Personal Injury Practice in the Sheriff Court
Ronald E Conway
PUBLISHER: W GREEN
It is noteworthy that as I write this in September 2012, the personal injury rules for actions raised in the Scottish courts have only now become aligned with the commencement of the new summary cause personal injury procedure in the sheriff court. Judges, sheriffs and practitioners will operate and apply a uniform set of procedural rules. Personal injury solicitors will have systems for preparing and progressing personal injury actions which are apt for summary cause procedure in the sheriff court right through to the Court of Session. There should now be no impediment to injured claimants being given predictable and reliable advice as to the passage of the case through court and how long that will take – the outcome however will depend on a kaleidoscope of factors, but particularly the skill and experience of the solicitor.
Ronnie Conway’s excellent vade mecum for personal injury practitioners is particularly directed to solicitors who act for pursuers – the “one shotters” as described by Marc Galanter.
Writing about personal injury practice has always been tricky, due to the subject being a synergy of law, procedure, rigorous systems and tactical nous. Ronnie Conway is, however, uniquely qualified and experienced to illuminate the subject, and he shares that considerable experience in a manner which makes this book both accessible and valuable to practitioners of all levels of experience.
The author does not shy away from making suggestions as to what may constitute good practice.

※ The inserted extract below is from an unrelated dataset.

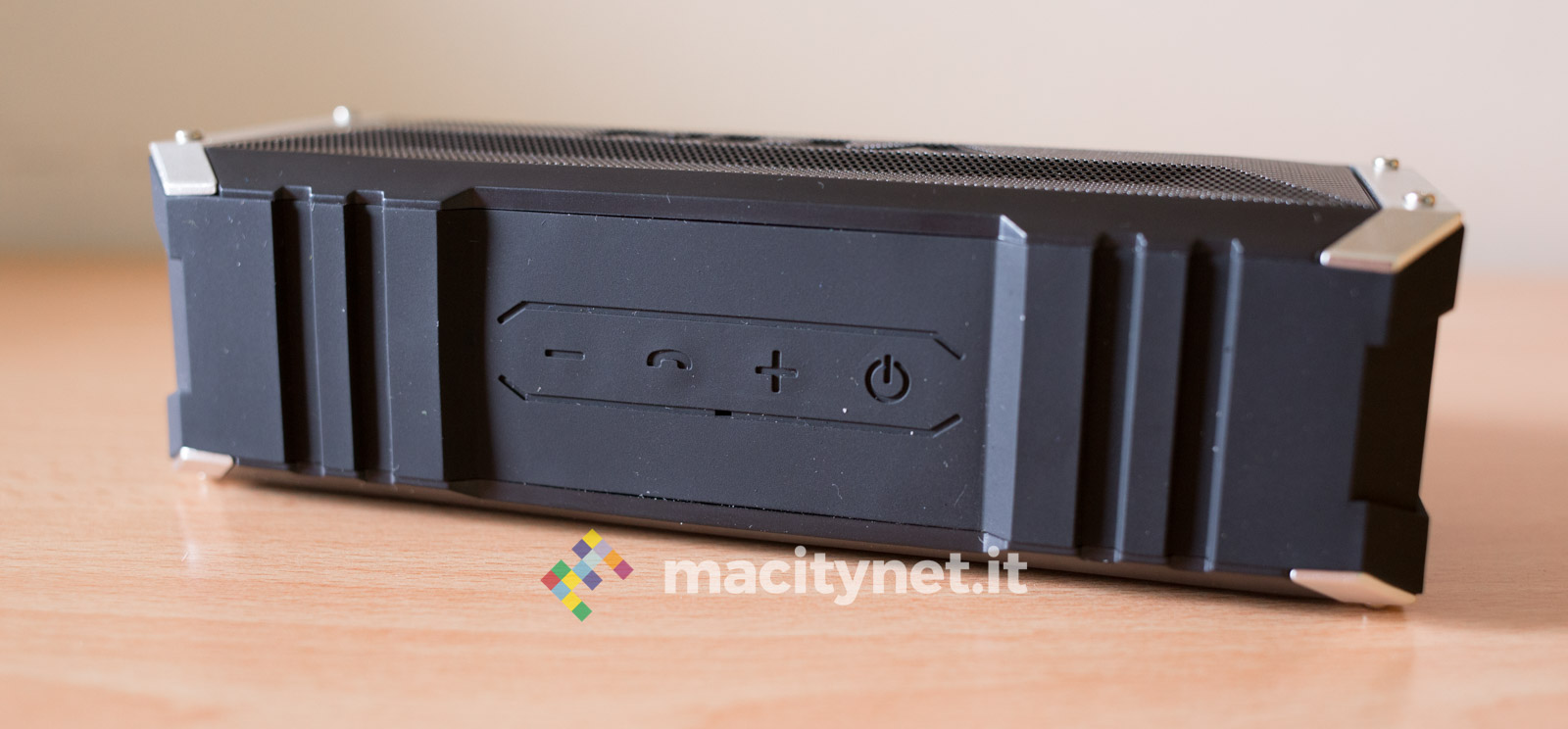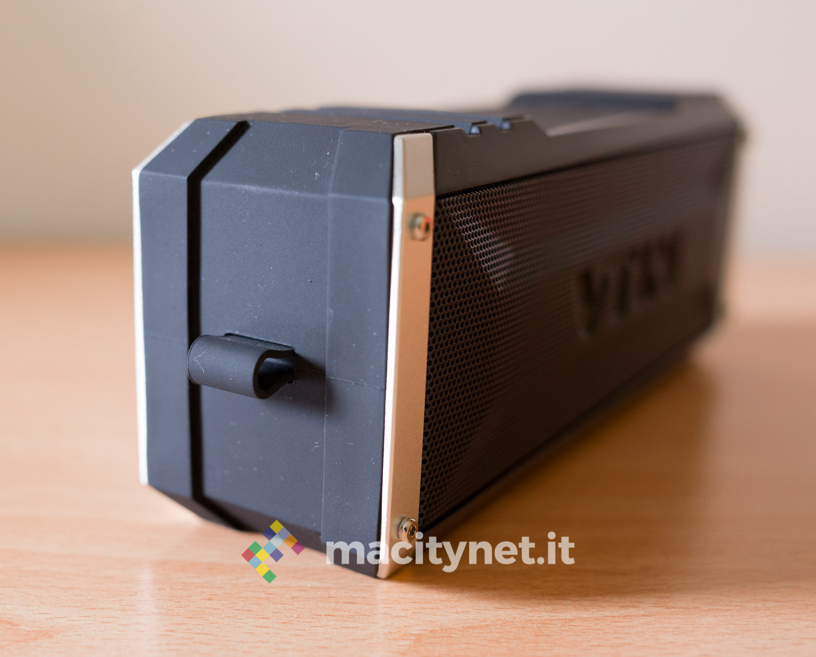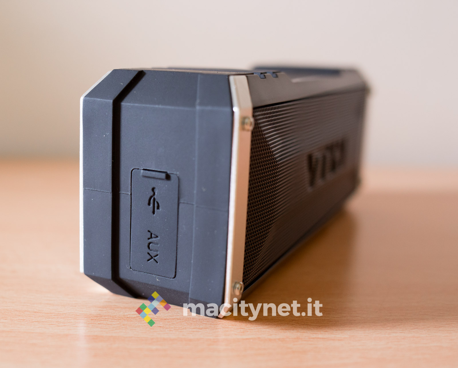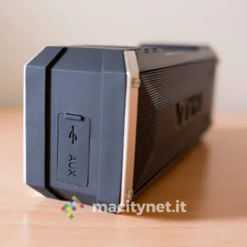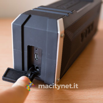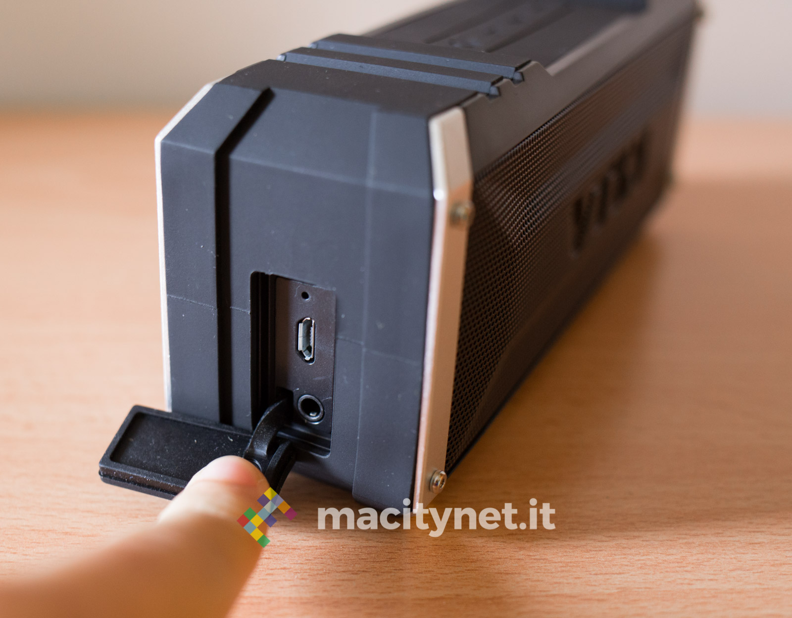 Su un lato c’è una linguetta in gomma alla quale è possibile agganciarvi il moschettone incluso nella confezione, in questo modo si potrà appendere a un passante dei pantaloni o alla cinghia di uno zaino e trasportarlo liberamente durante una passeggiata, dall’altro invece, ben protette da un tappo in gomma, ci sono le prese microUSB per la ricarica della batteria interna e la porta AUX per il collegamento ad un lettore MP3 via cavo jack da 3.5 mm (anch’esso lo trovate in confezione).

The “tickler” enters the lexicon of PI procedure!
The third edition is updated and uprated for the arrival of Coulsfield procedures in the sheriff court. At last the undoubted success of the Chapter 43 procedure in the Court of Session has been cascaded down into the sheriff court. The train of reform emerging from the Scottish Civil Court Review is on the track, and post-reform personal injury litigation will be concentrated in the sheriff court. Free from the shackles of over-elaborate and over-technical pleading, practitioners in personal injury cases, in particular, will already recognise why the Coulsfield procedure was a success in the Court of Session and will bring the same benefits to the sheriff court. Similar procedures have now been introduced for summary cause actions, and it is a huge step forward for practitioners to be able to advise clients with confidence that their personal injury action should commence and conclude within six months. The reforms underscore the importance and value of this book.
The author has skilfully and comprehensively reviewed recent decisions on appeal, from Thomson v Kvaerner to Wilson v Dunbar, and there is a very helpful analysis of recent discussion of “knowledge” in the chapter on prescription and limitation. The chapter on occupational illness and disease or process injury is, in my view, a succinct and important guide to this labyrinthine area of personal injury practice.
The sheriff court is in essence the people's court and all solicitors engaged in this area of practice will be informed and relieved to have the benefit of the author’s first rate and deft handling of the trio of popular causes – slips and falls; road traffic accidents and holiday claims.
I commend the author’s advice to practitioners to observe carefully the procedural rules which provide the practitioner with a ready made timetable and check list; to be prepared and negotiate from strength – and I commend this book to all engaged in personal injury litigation, not only the one shotters but the repeat players.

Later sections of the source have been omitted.